Sejak saat itu, penyebaran agama Islam di desa tersebut pun semakin luas. Tidak hanya dihuni oleh umat muslim, desa yang dikenal dengan karya tembikarnya ini begitu menjaga toleransi beragama. Salah satu bentuk toleransi yang dijaga adalah kegiatan makan bersama yang dikenal dengan tradisi ngejot. Tradisi ini dilakukan dengan saling berkirim makanan saat setiap pemeluk agama memperingati hari raya keagamaannya.

 

Hal yang unik adalah setiap orang sudah betul-betul memahami dan mempraktikkan apa yang boleh dan tidak boleh dimakan oleh setiap pemeluk agama.
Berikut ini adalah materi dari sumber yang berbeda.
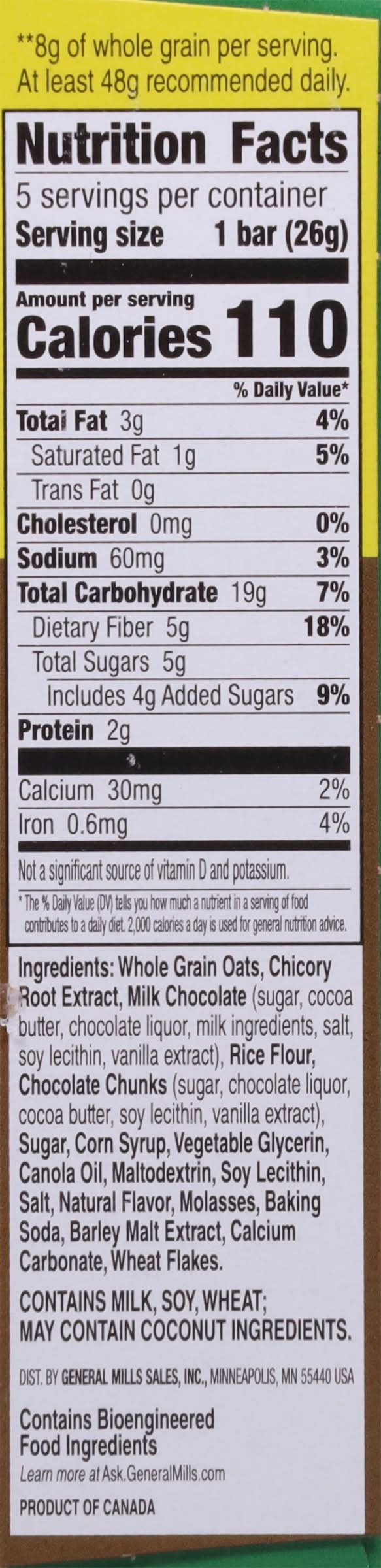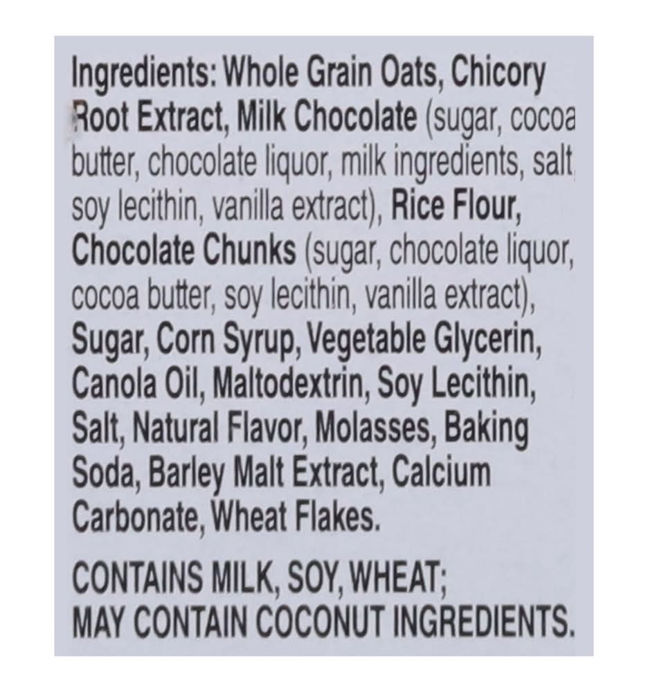 Ingredients: Whole Grain Oats, Chicory Root Extract, Milk Chocolate (Sugar, Cocoa Butter, Chocolate Liquor, Milk Ingredients, Salt, Soy Lecithin, Vanilla Extract), Rice Flour, Chocolate Chunks (Sugar, Chocolate Liquor, Cocoa Butter, Soy Lecithin, Vanilla Extract), Sugar, Corn Syrup, Vegetable Glycerin, Canola Oil, Maltodextrin, Soy Lecithin, Salt, Natural Flavor, Molasses, Baking Soda, Barley Malt Extract, Calcium Carbonate, Wheat Flakes Contains: Milk, Soybeans, Wheat, Oat, Barley, Tree Nuts, Coconuts

Seperti tidak mengandung daging sapi ketika akan memberi makanan kepada warga beragama Hindu dan hanya membagikan makanan halal pada umat Muslim. Begitu pun dengan pemeluk agama lainnya. Jika ingin berkunjung ke desa wisata yang satu ini, wisatawan tidak hanya bisa menikmati budaya Bali yang kental, tapi juga berbagai bangunan bersejarah. Bahkan tembikar dan kain songket karya masyarakat setempat yang kualitasnya telah tersohor.

 

Menjaga keselarasan alam

 

Begitu menghargai kebersihan, tak aneh rasanya jika desa Penglipuran dinobatkan sebagai desa terbersih ke-tiga di dunia versi majalah internasional Boombastic pada tahun 2017 lalu. Selain itu, desa ini juga begitu menjaga keselarasan dengan alam. Hal ini dapat dilihat dari arsitektur bangunan dan rumah rumah masyarakat yang masih berkonsep menyatu dan harmonis dengan alam sekitar. Hampir semua rumah di desa ini memiliki bentuk sama.

 

Baik bentuk rumah hingga gerbang di semua bangunan, masih menjaga bentuk asli khas Bali. Ini karena masyarakat setempat masih memegang konsep Tri Hita Karana, yakni filosofi masyarakat Bali mengenai keseimbangan hubungan antara Tuhan, manusia, dan lingkungannya. Tak hanya dilihat dari bangunan, Desa Penglipuran juga terdiri dari 40% hutan bambu yang juga menjadi daya tarik tersendiri.

 

Budaya lain yang masih dipegang kuat adalah bagaimana masyarakat setempat menghormati perempuan dengan adanya larangan berpoligami. Jika ada yang melanggar aturan monogami tersebut, akan mendapatkan hukuman, yakni dikucilkan dari desa. Pelaku poligami juga dilarang melewati jalanan umum, memasuki pura, bahkan tidak diperbolehkan mengikuti kegiatan adat.